Friday, February 10, 2017


by Phillip “Pete” Starr

The phrase “martial arts master” seems to have a particular sort of image associated with it. Many people immediately picture a white-haired, bearded, wizened old recluse of some kind who spends at least half of his time meditating on the mysteries of life and the other half practicing ancient martial arts techniques that have been cloaked in secrecy for several hundred years. The master is wise in all things; he is able to provide sage advice in every aspect of life, including (but not limited to) personal finances, marriage, virtually every facet pertaining to physical and mental health (and, by the way, he is perfectly capable of treating most illnesses and injuries via his high level of knowledge and skill in ancient forms of Eastern medical therapies), purchasing a home, preparing one's annual income tax return, or even how to field dress a deer.

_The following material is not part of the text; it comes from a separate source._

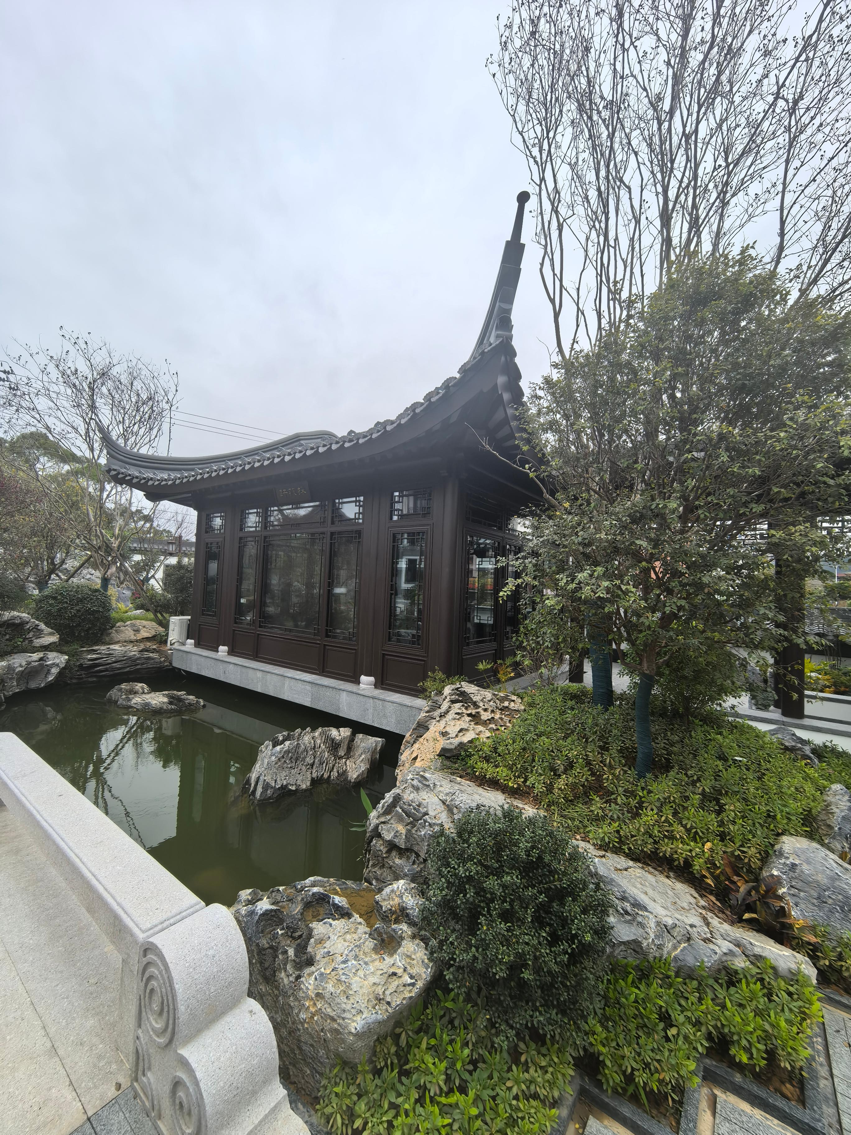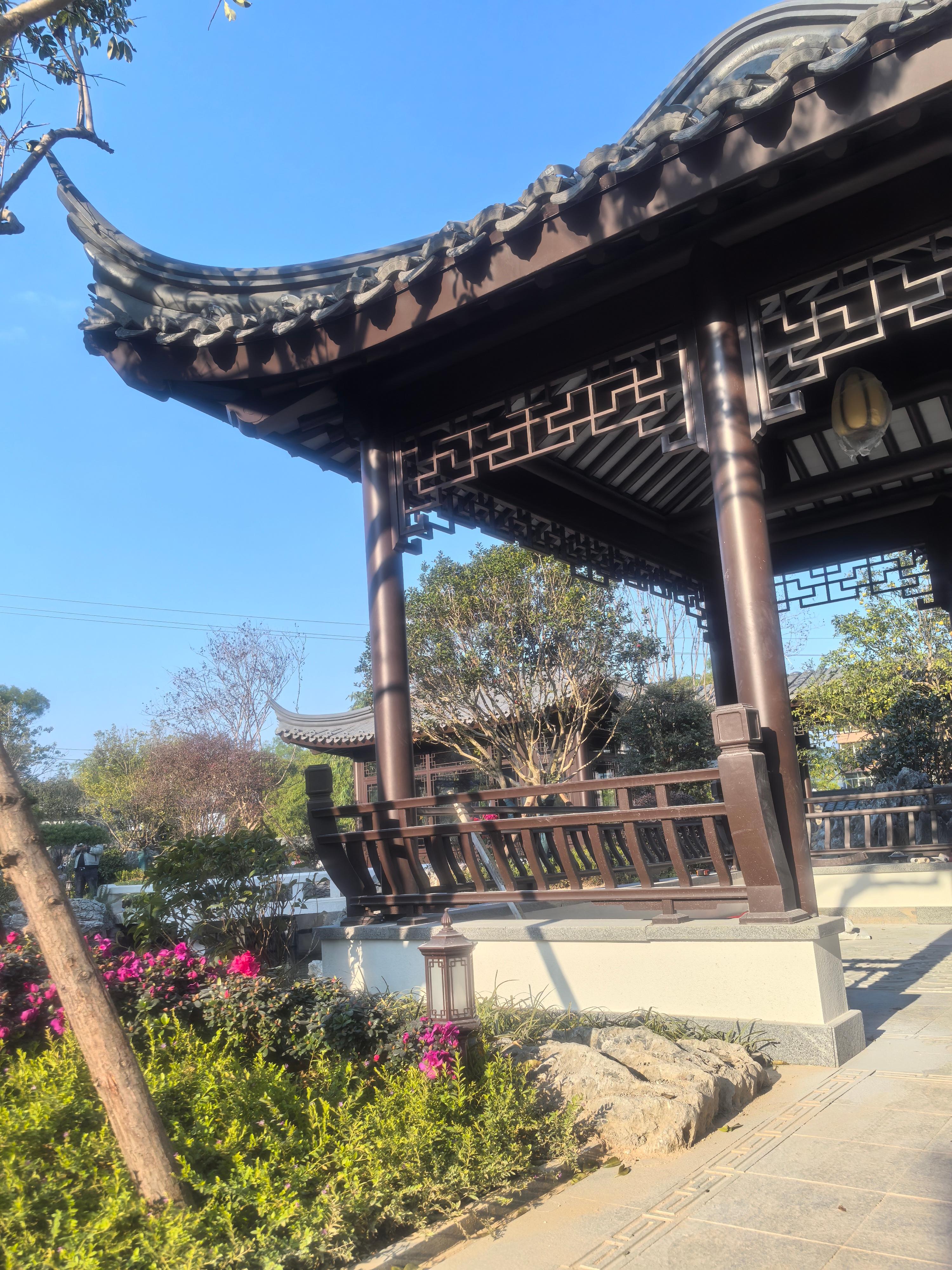 中式古建铝艺全套构件:包含古建将军门、长廊连廊、仿古凉亭、飞檐翘角、挂落、美人靠、庭院护栏、仿古隔断、中式屏风、古建阳光房系统等,一站式配齐古建庭院整体外立面,风格统一、质感高级、经久耐用。

I can see some of you smiling while others laugh openly. Those who laugh are probably those old martial arts teachers who've actually had students approach them with questions about such things. I have. All of them (that's right; go back and look through the list). How to field dress a deer?, you ask. You betcha. And many other equally bizarre subjects about which I know absolutely nothing. Yes, I have practiced and taught kung-fu for most of my life. I am also an acupuncturist and I hold black belt grades in two forms of Japanese karate. I enjoy practicing iaido, too. But my understanding of personal finances, investing money, marriage and generally understanding women are right up there with my knowledge about how to field dress a deer, rebuilding a truck's engine, or treating schizophrenia. I have, by the way, been asked about each item mentioned in this paragraph.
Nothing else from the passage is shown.